NVIDIA-Specific Extensions
NVVM Intrinsic Folding -- sub_1169C30
This 87 KB function is the core of NVIDIA's additions to InstCombine. Called from the main visitor when the instruction is an NVIDIA intrinsic, it uses a two-layer dispatch:
Layer 1 (primary switch, entered when the uses-list is empty or the "fast" flag at a1+336 is set) dispatches on the node's byte-tag:
| Tag | Char | Fold Type |
|---|---|---|
| 42 | * | FNeg/negation -- pushes negation through arithmetic via the "Negator" chain |
| 55 | 7 | Vector extract from intrinsic result (full-width extract becomes identity) |
| 56 | 8 | Vector insert into intrinsic result (full-width insert becomes And mask) |
| 59 | ; | Multiply-like symmetric intrinsic (folds when one operand is known non-negative) |
| 68 | D | ZExt of i1 intrinsic result (bypasses intrinsic wrapper) |
| 69 | E | SExt of i1 intrinsic result (bypasses intrinsic wrapper) |
| 85 | U | Call-site fold for llvm.nvvm.* with specific IDs (313, 362) |
| 86 | V | Select-like intrinsic fold (dead select elimination) |
Layer 2 (depth-gated by qword_4F908A8 = instcombine-negator-max-depth) adds aggressive cases:
| Tag | Char | Fold Type |
|---|---|---|
| 46 | . | Dot product fold |
| 54 | 6 | Indexed access / extract with fold |
| 58 | : | Comparison intrinsic fold |
| 67 | C | Type conversion intrinsic fold |
| 84 | T | Tensor / multi-operand intrinsic fold |
| 90 | Z | Zero-extend intrinsic fold |
| 91 | [ | Three-operand fold (e.g., fma) |
| 92 | \ | Four-operand fold (e.g., dp4a) |
| 96 | ` | Unary special intrinsic fold |
The FNeg case (tag 42) is the most complex. It first attempts constant folding: if the operand is all-ones (-1), it creates sub(0, operand) via CSE lookup with opcode 30. When the simple fold fails, it falls through to the Negator chain at LABEL_163: sub_1168D40 collects all negatable sub-expressions, sub_1169800 attempts to fold negation into each operand, and the results are combined with sub_929C50 or sub_929DE0. This pushes negation through chains of arithmetic to find a cheaper representation, depth-gated to prevent exponential blowup. Created replacement instructions carry .neg modifier metadata for PTX emission.
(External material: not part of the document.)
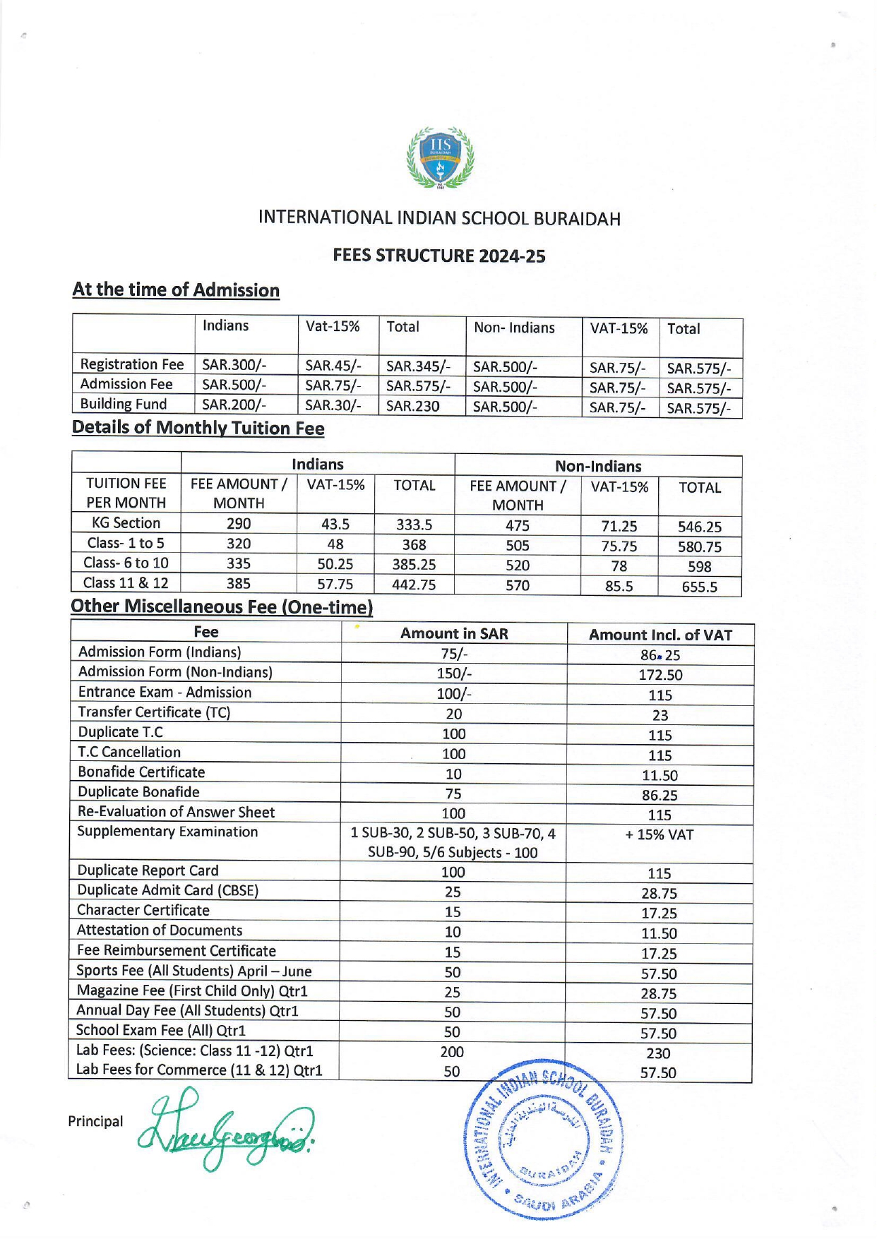 Interview will be conducted for KG Sections. Entrance Test will be conducted in English, Hindi and Mathematics for Indians and English and Mathematics for Non-Indians for all the classes from Std I upward, an amount of SR 50/- along with applicable VAT is to be paid towards Entrance Test. This is a non refundable fee.

Three High-Opcode NVIDIA Intrinsics
Opcodes 0x254D (9549), 0x2551 (9553), and 0x255F (9567) are NVIDIA-proprietary intrinsic IDs handled directly in the main visitor. All three share the same pattern: extract the commuted-operand index via v1612->m128i_i32[1] & 0x7FFFFFF, verify the other operand has byte-tag 12 or 13 (ConstantInt/ConstantFP), query metadata via sub_10E0080 with mask 0xFFFFFFFFFFFFFFFF, and test specific bit patterns:
| Opcode | Test | Fold Condition |
|---|---|---|
| 0x2551 (9553) | ((result >> 40) & 0x1E) == 0x10 | Fold when bit pattern mismatches |
| 0x255F (9567) | (result & 0x10) != 0 | Fold when bit 4 is clear |
| 0x254D (9549) | (result & 0x200) != 0 | Fold when bit 9 is clear |
When the filter passes, the shared epilogue calls sub_F207A0(v6, v1612->m128i_i64) (eraseInstFromFunction), deleting the instruction entirely. These implement dead-code elimination for NVIDIA intrinsics with constant arguments matching known-safe-to-remove criteria.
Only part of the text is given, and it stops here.